There is a range of types of coach/mentor e.g. sports coach, counselor, and executive coach/mentor. Whitmore (2009, p.12) describes how his own career in coaching/mentoring blossomed when his (amateur) sporting clients saw the potential for its application within their own organisations. Coaching/mentoring within an organisation does add an extra dimension in that the coach or mentor has to manage a three-way relationship between him/herself, the organisation and the coachee/mentee.

Coaching and mentoring are techniques used to develop an individual’s skills, knowledge or work performance (CIPD, 2013). Good coaching and mentoring has the potential to take the learner beyond the limitations of the coach or mentor’s own knowledge (Whitmore, 2009, p.13). The terms ‘coaching’ and ‘mentoring’ can be difficult to explain because of an overlap in the skills they require i.e. listening, questioning, clarifying and reframing (CIPD, 2013). See Table 1 for an overview of the key differences between coaching and mentoring.

Table 1 Key differences between coaching and mentoring. Information presented in this table has been taken from definitions developed by Megginson and Clutterbuck (2012, p.4); and Whitmore (2009, p.14).

Coaching Mentoring
Relates primarily to performance improvement Relates primarily to the identification and nurturing of potential
Typically short-term in its nature Typically a long-term relationship
Goals agreed with or at the suggestion of the coach Goals may change and are always set by the learner
Coach primarily owns the process Learner primarily owns the process
Does not require knowledge/experience of the subject being addressed Requires knowledge/experience of the subject being addressed


Association for Coaching (no date) Coaching defined. Available at: (Accessed: 13 June 2014).

CIPD (2013) Coaching and mentoring. Available at: (Accessed: 5 June 2014).

Drucker, P. F. (1994) ‘The theory of the business. (cover story)’, Harvard Business Review, 72 (5), pp. 95-104, EBSCOhost [Online]. Available at: (Accessed: 12 June 2014).

Megginson, D. and Clutterbuck, D. (2012) Techniques for Coaching and Mentoring. 2nd Edn. Oxon: Routledge.

Whitmore, J. (2009) Coaching for Performance. GROWing human potential and purpose. The principles and practice of coaching and leadership. 4th Edn. London: Nicholas Brealey Publishing.

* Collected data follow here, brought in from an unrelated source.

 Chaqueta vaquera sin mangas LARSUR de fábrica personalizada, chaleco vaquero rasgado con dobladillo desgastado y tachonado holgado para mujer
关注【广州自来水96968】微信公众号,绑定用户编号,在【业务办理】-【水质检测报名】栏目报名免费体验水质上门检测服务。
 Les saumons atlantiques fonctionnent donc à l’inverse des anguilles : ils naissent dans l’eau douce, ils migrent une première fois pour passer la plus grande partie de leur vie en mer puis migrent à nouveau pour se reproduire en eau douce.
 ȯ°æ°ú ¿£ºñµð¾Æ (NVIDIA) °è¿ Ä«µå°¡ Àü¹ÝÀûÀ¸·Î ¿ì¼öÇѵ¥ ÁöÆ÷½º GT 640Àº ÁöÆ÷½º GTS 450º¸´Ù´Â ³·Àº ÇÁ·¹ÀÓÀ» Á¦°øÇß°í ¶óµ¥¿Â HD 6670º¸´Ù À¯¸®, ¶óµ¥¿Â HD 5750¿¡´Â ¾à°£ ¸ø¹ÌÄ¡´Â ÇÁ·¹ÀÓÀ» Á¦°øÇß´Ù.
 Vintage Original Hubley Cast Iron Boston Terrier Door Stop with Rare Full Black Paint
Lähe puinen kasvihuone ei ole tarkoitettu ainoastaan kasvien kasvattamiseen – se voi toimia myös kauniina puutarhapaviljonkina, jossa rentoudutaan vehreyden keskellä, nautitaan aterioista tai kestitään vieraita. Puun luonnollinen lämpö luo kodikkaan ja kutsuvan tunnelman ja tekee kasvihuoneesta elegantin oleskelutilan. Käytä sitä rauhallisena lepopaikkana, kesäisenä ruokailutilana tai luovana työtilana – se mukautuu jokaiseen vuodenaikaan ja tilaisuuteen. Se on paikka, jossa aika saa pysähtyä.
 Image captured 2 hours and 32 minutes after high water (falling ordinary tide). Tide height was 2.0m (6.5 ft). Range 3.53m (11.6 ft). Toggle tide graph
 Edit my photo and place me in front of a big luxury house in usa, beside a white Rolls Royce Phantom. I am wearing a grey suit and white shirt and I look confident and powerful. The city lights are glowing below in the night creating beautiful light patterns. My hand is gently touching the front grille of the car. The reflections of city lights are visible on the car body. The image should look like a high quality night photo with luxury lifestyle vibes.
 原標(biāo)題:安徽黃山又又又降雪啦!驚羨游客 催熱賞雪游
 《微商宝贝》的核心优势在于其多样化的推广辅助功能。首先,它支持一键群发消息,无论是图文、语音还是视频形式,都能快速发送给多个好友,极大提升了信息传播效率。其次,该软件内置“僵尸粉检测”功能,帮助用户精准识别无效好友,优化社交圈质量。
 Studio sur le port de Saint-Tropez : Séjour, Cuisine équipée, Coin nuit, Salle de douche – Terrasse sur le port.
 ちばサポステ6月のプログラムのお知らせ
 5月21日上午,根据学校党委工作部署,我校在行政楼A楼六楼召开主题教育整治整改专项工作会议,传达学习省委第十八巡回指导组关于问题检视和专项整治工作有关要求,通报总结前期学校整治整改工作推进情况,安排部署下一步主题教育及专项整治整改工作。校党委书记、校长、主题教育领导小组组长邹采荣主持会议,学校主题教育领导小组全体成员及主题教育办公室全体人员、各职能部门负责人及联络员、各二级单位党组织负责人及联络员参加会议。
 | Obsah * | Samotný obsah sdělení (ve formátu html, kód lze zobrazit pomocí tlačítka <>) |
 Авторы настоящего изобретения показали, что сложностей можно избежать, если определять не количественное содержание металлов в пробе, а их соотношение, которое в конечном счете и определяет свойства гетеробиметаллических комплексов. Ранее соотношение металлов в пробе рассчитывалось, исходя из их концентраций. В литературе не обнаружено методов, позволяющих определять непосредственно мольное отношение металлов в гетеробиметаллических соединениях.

Zeus, P. and Skiffington, S. (2008) The Complete Guide to Coaching at Work. Australia: McGraw-Hill Book Company Australia Pty Limited.

Other thoughts

In their book “Coaching and Mentoring: Theory and Practice” Garvey, Stokes, and Megginson (2012) make a very compelling argument, or seem to be–I’m struggling to interpret it, that their is no difference and that any difference is fundamentally determined by the social context. That is perhaps a bit deep for me to really get my head around at this stage but it’s nagging me.

Garvey, R., Stokes, P. and Megginson, D. (2012) Coaching and Mentoring: Theory and Practice. London: SAGE Publications Ltd.